GenieHTS Potassium Ion Channel Assay

High-throughput, no wash thallium (Tl⁺) assay. An optimal solution for measuring flux through potassium (K⁺), sodium (Na⁺), and non-selective cation channels and their effectors including transporters and GPCRs.

system_update_altDatasheet
Product Name: GenieHTS Potassium Ion Channel Assay
Product Code: ASIB003
Product Size: 10 plates
Excitation: 490 nm
Emission: 515 nm
Molecular Weight: 840
Component Name Size Storage
GenieHTS Potassium Ion Channel Lyophilized (10) -20°C
DMSO 225μL 4°C
Dye Solvent 4mL 4°C
10X Assay Buffer 20mL 4°C
TRS 4mL 4°C
Probenecid Solution 4mL 4°C
10X Chloride-Free Stimulus Buffer 10mL 4°C
10X High-Potassium Stimulus Buffer 10mL 4°C
Thallium Sulfate Solution (50nM) 20mL 20-25°C

Materials needed but not provided

  • Compounds to be tested.
  • Buffers and solvents for dissolution.
  • Reagents necessary for cell culture.
  • A fluorescence plate reader ~ 490 nm /~ 520 nM.
  • Plate reader capable of collect kinetic data (1 Hz) e.g. WaveFront Panoptic, Hamamatsu FDSS, Molecular Devices FLIPR and Molecular Devices FlexStation.

The Assay Genie Potassium Ion Channel Assay is a Thallium total assay solution for multi-well plate-based, high- throughput measurements of Tl+ flux through K+ , Na+ , non-selective cation channels, and some Na+ or K+ transporters. The GenieHTS Potassium Ion Channel Assay is also useful for a wide range of effectors of ion channels and transporters including G protein-coupled receptors, lipid kinases and protein kinases. In multi-well, plate- based formats, the GenieHTS Potassium Ion Channel can be used to discover and characterize the effects of many tens-of-thousands of compounds and environmental factors on effectors of Tl+ flux. Over the past 15 years, fluorescence-based measures of Tl+ flux have brought about the discovery of small-molecule modulators of a host of Ion channels, transporters, GPCRS and other targets of interest for both drug discovery and basic research. GenieHTS Potassium Ion Channel provides all the reagents necessary for use as a washed or no-wash assay with adherent or non-adherent cells. The optional use of a probenecid solution and an extracellular background masking solution offers the ultimate in compatibility for cells types which are difficult to load with fluorescent Tl+ indicators (e.g. Chinese Hamster Ovary, CHO cells) and when performing assays in complete, serum-containing cell culture medium is desired.

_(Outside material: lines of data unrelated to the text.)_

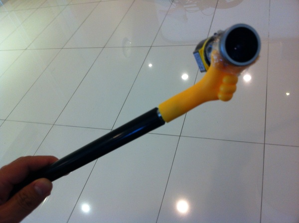 そこで、次は「伸縮棒」の先にWifiカメラを取り付けて、棒の先のカメラからの簡易空撮・リモート撮影をしてみました。1メートル弱の棒の先から眺める景色(右画像)は、意外なほどに(いつも眺める景色とは)違うようすに見えます。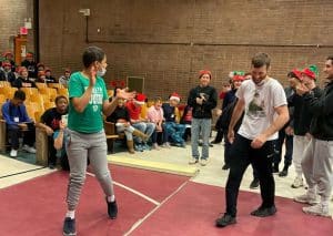 “Celebrating the holiday with them was very important,” said Ben. “For many, this could be their only gift. For others, it could be their only chance to win anything close to what we do in our matches. Coming off of a devastating loss the night before (at the Section I Dual Meet Championship), it was important to get a perspective on what loss means. We were lucky to have the opportunity to even wrestle a match, let alone compete for a section dual meet title.”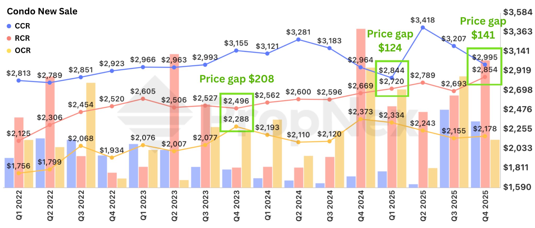 In fact, in 2023, OCR and RCR prices reached a point where they were only $208 psf of each other, though OCR prices have moderated in the past year. On the other hand, the gap between RCR and CCR are closing in, even reaching $124 and $141 psf this year.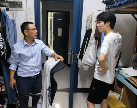 在学生寝室,领导老师们与同学们亲切交流,询问新生对新环境的适应情况,解答同学们在学习、生活上的各类问题,叮嘱学生国庆出行注意安全。随后,老师们还对同学们的寝室内务进行了检查,告知同学们一定要注重寝室安全,遵守学校的规章制度,不使用违规电器,做到人离电断,做好安全防范措施,避免发生宿舍安全事故。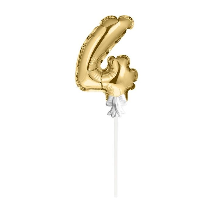 Mini Folieballon Caketopper Goud Cijfer 4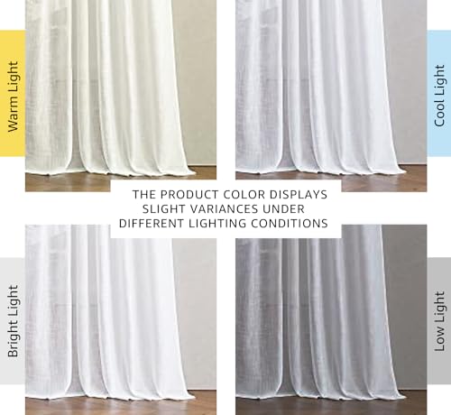 NICETOWN White Linen Sheer Curtains and Drapes 84 inches Long, Rod Pocket & Back Tab semitransparent with Light Through Vertical Window Treatments for Sliding Glass Door & Living Room, 52"W, Set of 2
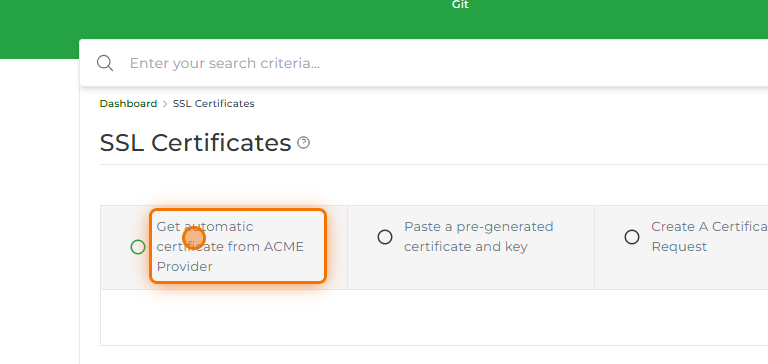 Klik op Get automatic certificate from ACME Provider. Dit activeert het automatische Let's Encrypt certificaat voor je domein.Sla de instellingen op

GenieHTS Potassium Ion Channel Assay Figure 1. Tl+ Sensitivity in Wash and No-Wash Formats. HEK- 293 cells expressing an inward rectifying K+ channel were tested with either Potassium Ion Channel (blue) or FluxOR II Green (red) in no-wash mode (A) or washed mode (B) using the manufacturer’s instructions. Dye-loaded cells were exposed to either 0.1 mM or 0.5 mM Tl+ .
GenieHTS Potassium Ion Channel Assay Figure 2. Effect of Varying Extracellular K+ Concentration on Voltage-activated Channel. HEK-293 cells expressing a voltage- activated K+ Channel were tested using Potassium Ion Channel in washed mode. Cells were then exposed to 1 mM Tl+ and varying concentrations of K+ ranging from 5- 30 mM.
GenieHTS Potassium Ion Channel Assay Figure 3. Tl+ -evoked Changes in Cellular Fluorescence. HEK- 293 cells expressing a voltage-activated K+ channel, loaded with Potassium Ion Channel Assay reagent before (A) and after (B) exposure to Tl+

Wash Method Adherent Cells

The instructions given below are for one, 384-well microplate. Certain aspects of the instructions may need to be altered, as appropriate, for multiple microplates or other assay formats (e.g. 96-well microplates or non-adherent cells). The Potassium Ion Channel indicator and Potassium Ion Channel indicator-containing solutions should be protected from direct light.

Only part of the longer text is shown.